Sebuah teks yang disebut “Rajatarangin”, mengisahkan kehidupan Yesus di Kashmir. Karya ini merupakan sejarah Kashmir yang tertulis dalam versi bahasa Sansekerta oleh Pandit Kalhara, yang ditulis pada abad XII AD. Di karya ini Jesus disebut sebagai orang suci yang bernama “Isana” (kata Isana adalah sebutan Dewi Parwati, Durga shaktinya Shiwa yang juga disebut Bunda semesta).

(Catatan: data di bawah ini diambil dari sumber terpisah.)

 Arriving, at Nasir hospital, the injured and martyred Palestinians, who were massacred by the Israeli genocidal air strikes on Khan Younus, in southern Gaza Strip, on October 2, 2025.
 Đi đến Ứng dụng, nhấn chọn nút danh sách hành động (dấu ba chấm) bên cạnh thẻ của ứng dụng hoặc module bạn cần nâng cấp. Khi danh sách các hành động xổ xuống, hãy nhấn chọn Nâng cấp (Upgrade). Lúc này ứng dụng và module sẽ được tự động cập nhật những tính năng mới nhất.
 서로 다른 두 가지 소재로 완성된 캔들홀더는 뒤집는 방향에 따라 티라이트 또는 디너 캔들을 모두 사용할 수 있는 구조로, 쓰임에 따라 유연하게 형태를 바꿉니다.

Konon setelah Issa wafat maka Beliau dikuburkan di Kashmir, tepatnya berada di tengah-tengah daerah yang merupakan kota tua Srinagar, di Anzinar, daerah Khanjar. Bangunan yang mengelilingi kuburan batu ini disebut “Rozabal” (kependekan kata-kata Rauza dan Bala, yang bermakna Kuburan seorang yang saktiwan). Konon pada suatu era kemudian yaitu pada zaman Islam, bertambah sebuah kuburan lagi di kawasan ini, kuburan seorang Muslim yang disucikan yang bernama Nasir-UdDin. Nisan batu besar menunjukkan makam Yuz-Asaf (Nabi Isa) dan batu yang lebih kecil bagi Syed Nasir-Ud-Din. Kuburan batu yang besar mengarah dari timur ke barat, sesuai dengan kebiasaan orang Yahudi yang meninggal dunia dan tidak sesuai dengan kebiasaan Hindu maupun Islam.

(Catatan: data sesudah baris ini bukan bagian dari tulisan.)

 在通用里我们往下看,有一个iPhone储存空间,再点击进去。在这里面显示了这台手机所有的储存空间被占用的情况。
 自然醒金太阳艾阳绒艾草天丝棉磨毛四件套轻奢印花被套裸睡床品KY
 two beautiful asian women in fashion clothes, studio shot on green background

Pada kuburan ini, prof. Hassnain menemukan “jejak kaki” dari Yuz-Azaz, yang terilustrasi dengan jelas, yang menunjukkan adanya tanda-tanda kaki kiri yang dipakukan ke kaki kanan. Sebuah naskah kuno menyebut kuburan ini sebagai Isa Roh-n-ilah. Kuburan yang disakralkan ini sampai dewasa ini masih ramai diziarahi oleh umat, Hindu, Muslim, dsb. Dalam bahasa setempat saat ini makam ini disebut “Kubur Hazrat Isa-Sahib.” Sebuah dokumen resmi dari Mufti Rahman Mir (Penguasa Islam setempat) menandakan pelestarian kuburan tua ini. Di dokumen tertulis : “Di sini terbaring Yuz-Asaf, yang membangun kembali kuil Sulaeman pada masa Raja Gopadatta, dan ia kembali sebagai seorang Nabi ke Kashmir. Ia melayani masyarakat, menyatakan kesatuan-Nya dengan Tuhan, Beliau menetapkan hukum bagi masyarakat.”